1 min read By Vamsi Karuturi · Senior Backend Engineer at Salesforce

Multi-Region Architecture

Real Incident: AWS US-EAST-1 Outage (December 2021)

A networking issue in AWS's primary region took down thousands of services for 7+ hours — including Ring doorbells, Disney+, Tinder, and parts of AWS's own console. Companies with multi-region failover (Netflix, Slack) continued operating seamlessly. Single-region = single point of failure. Multi-region is the only path to true high availability.
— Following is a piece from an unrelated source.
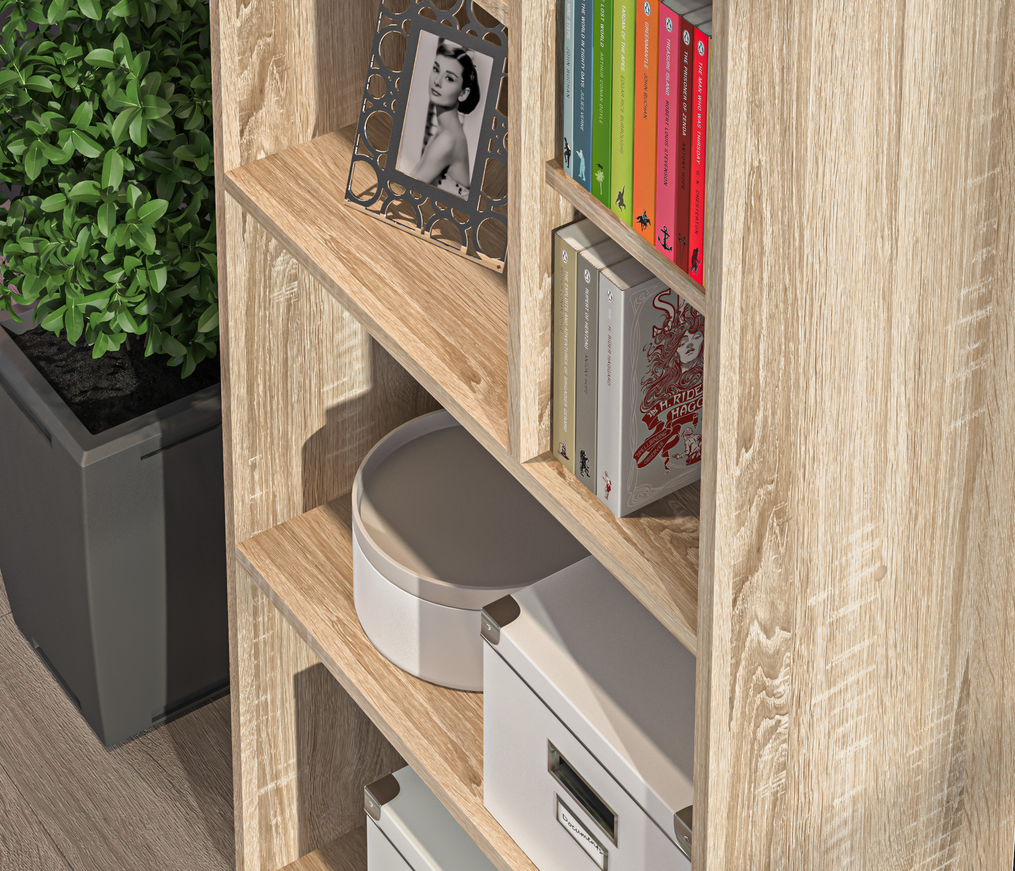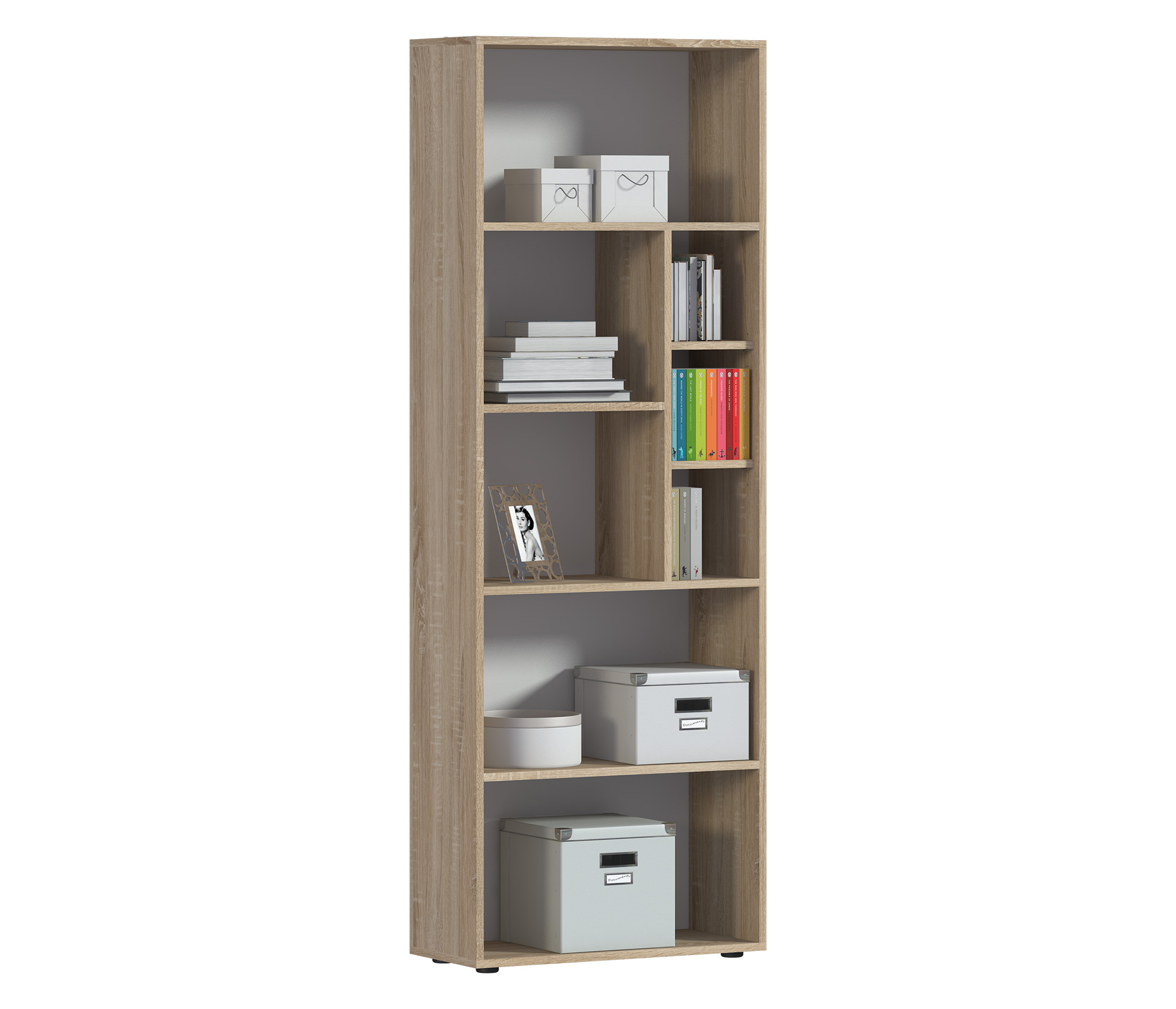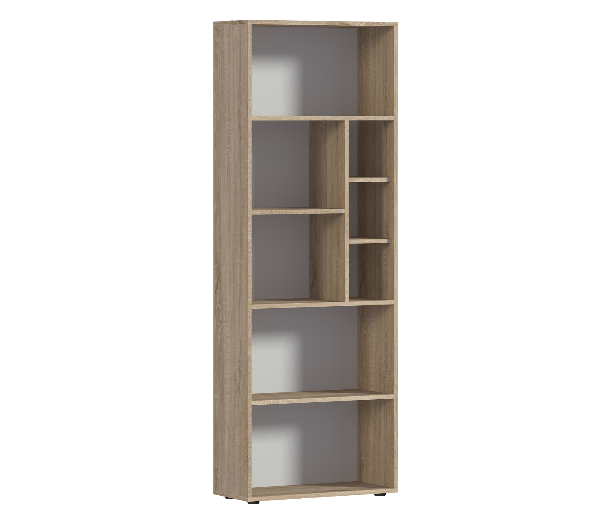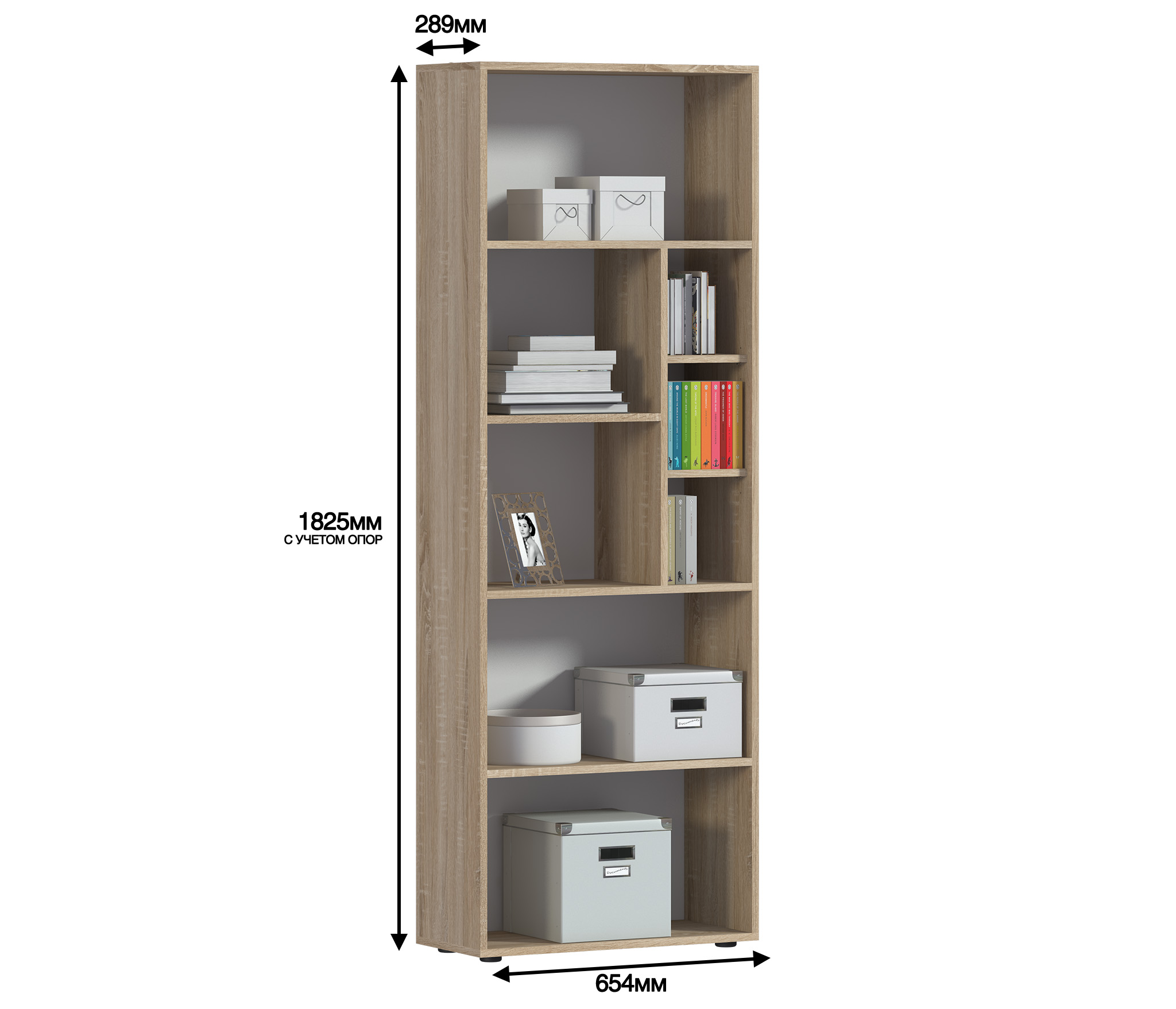 Габаритные размеры – ширина 65 см, высота 182 см и глубина 28 см. Конструкция стеллажа представляет собой ряд открытых полок на пяти уровнях. Две нижних и верхняя полки одинакового размера. Две средних полки поделены на секции.

Why This Comes Up in Interviews

Any system design targeting 99.99%+ availability or serving global users needs multi-region discussion. Interviewers want to hear:

Active-active vs active-passive trade-offs
Data replication and consistency challenges across regions
How you handle failover (DNS, traffic manager, health checks)
Cost vs availability trade-off decisions

Single-Region vs Multi-Region

Aspect	Single Region	Multi-Region
Availability	99.9% (8.7h downtime/year)	99.99%+ (52 min/year)
Latency	High for distant users	Low for all users
Blast radius	Region outage = total outage	Region outage = graceful failover
Complexity	Simple	Significantly complex
Cost	1x	2-3x (duplicate infrastructure)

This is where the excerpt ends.